Virgin Australia Arranges AUD$425 Mln Loan Facility

March 21, 2016

Virgin Australia has tapped its major shareholders for a AUD$425 million (USD$320 million) loan facility, a step that is expected to help it cut its reliance on the bond market for funds.

The loan facility goes some way to address investor concerns that its cash reserves have declined sharply in the wake of a five-year revamp aimed at broadening its services beyond the discount carrier market.

The US bond market, which Virgin Australia has previously tapped, has also become more expensive due to a sharp weakening of the Australian dollar over the past three years.

The one-year facility was secured with Air New Zealand, Richard Branson's Virgin Group, Singapore Airlines and Etihad Airways, which together own 83 percent of the company.

Last month, the airline swung to a half-year profit and forecast a return to full-year profitability as it attracted more higher-spending corporate passengers.

But the airline also revealed that its unrestricted cash reserves shrank to AUD$543.7 million as of December 31, down by a quarter from a year earlier.

Chief executive John Borghetti said the loan facility will give the company additional flexibility in the short term.
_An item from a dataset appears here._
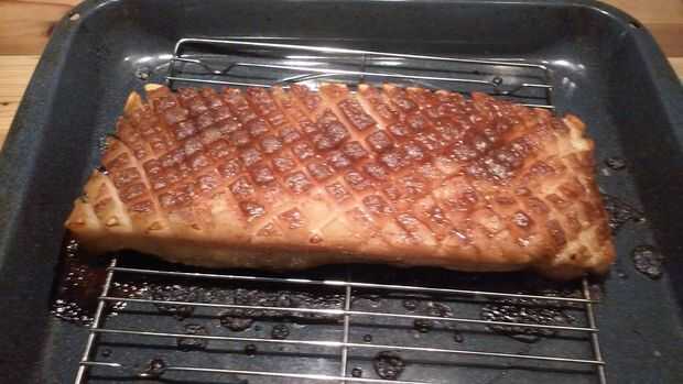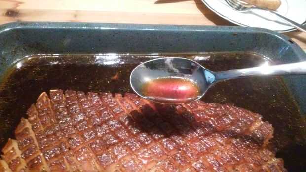 Ahora llegó el momento de procesar la grasa un poco. Levanté la temperatura hasta 350 grados Fahrenheit y retirar la rejilla. Quería que cuece en su líquido. Después de 30 minutos, me voltea la piel del vientre abajo y agrega 2 tazas de agua y 1 taza de vinagre de sidra. Después de eso, de nuevo en el horno durante 60 minutos.

It will be subordinated to Virgin Australia's existing debt, and split between the four shareholders proportionally to their Virgin stake.

Air New Zealand is the airline's biggest shareholder with a 26 percent holding, while Etihad has 24 percent, Singapore Airlines 23 percent and Virgin Group 10 percent.

The measure will, however, likely fuel complaints by rival Qantas that Virgin competes unfairly since Qantas, as the national carrier, has its foreign ownership restricted to 49 percent.